*** Opening RECORDS PROVIDED ***

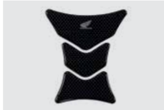
TANK PAD 08P61-KAZ-800A

Hilft, die Tanklackierung vor Kratzern zu schützen.
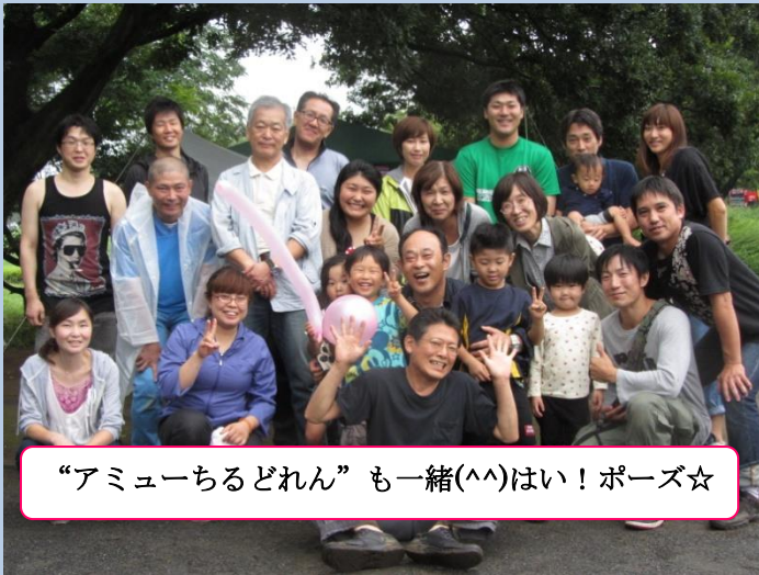
“アミューちるどれん”も一緒(^^)はい!ポーズ☆
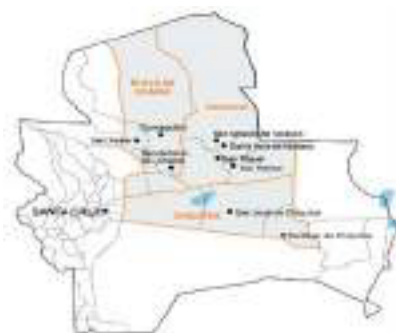
Figura 8: Provincias y secciones de Provincia del Departamento de Santa Cruz (AECID, 2010, p.13)
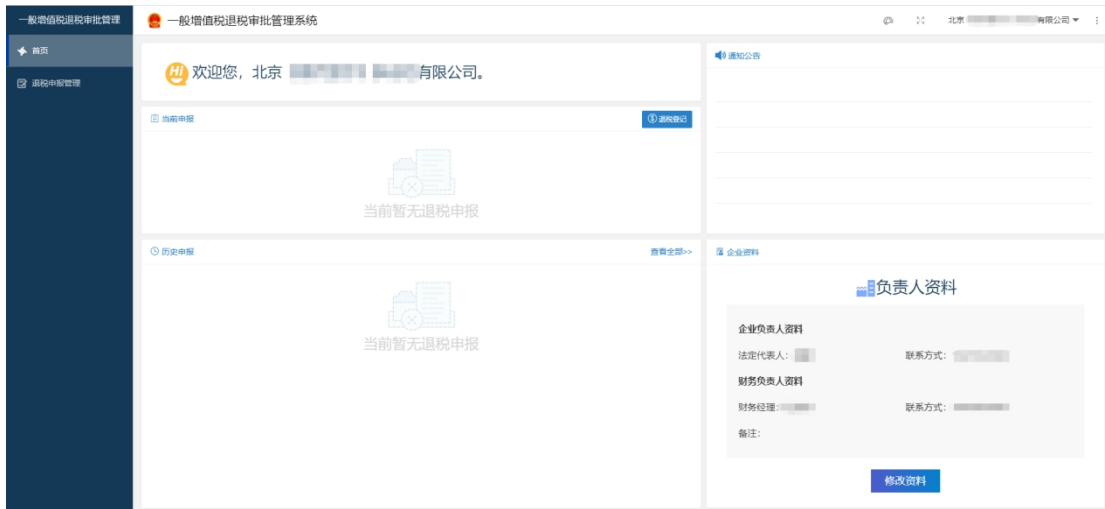
图 2-1 退税外网企业首页

当前申报模块： 显示当前申报信息，点击申报信息可查看当前申报单具体内容，点击退税登记，打开新的退税申报单。
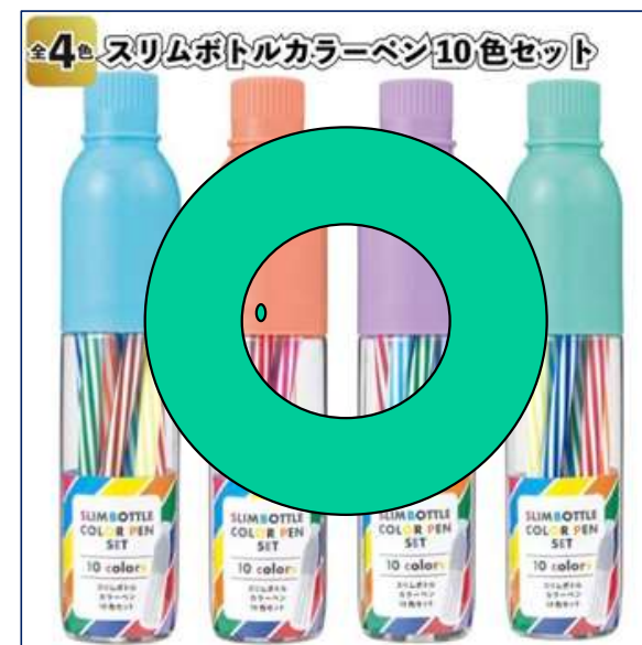
■ スリムボトルカラーペン 10色セット

*** Closing RECORDS PROVIDED ***

### PROBLEM TO SOLVE
Give back an exact repeat of the lines from the top of the data through the line that holds "图 2-1 退税外网企业首页", both included, and omit pictures.

### OUTPUT FOR THIS TASK
TANK PAD 08P61-KAZ-800A

Hilft, die Tanklackierung vor Kratzern zu schützen.
“アミューちるどれん”も一緒(^^)はい!ポーズ☆
Figura 8: Provincias y secciones de Provincia del Departamento de Santa Cruz (AECID, 2010, p.13)
图 2-1 退税外网企业首页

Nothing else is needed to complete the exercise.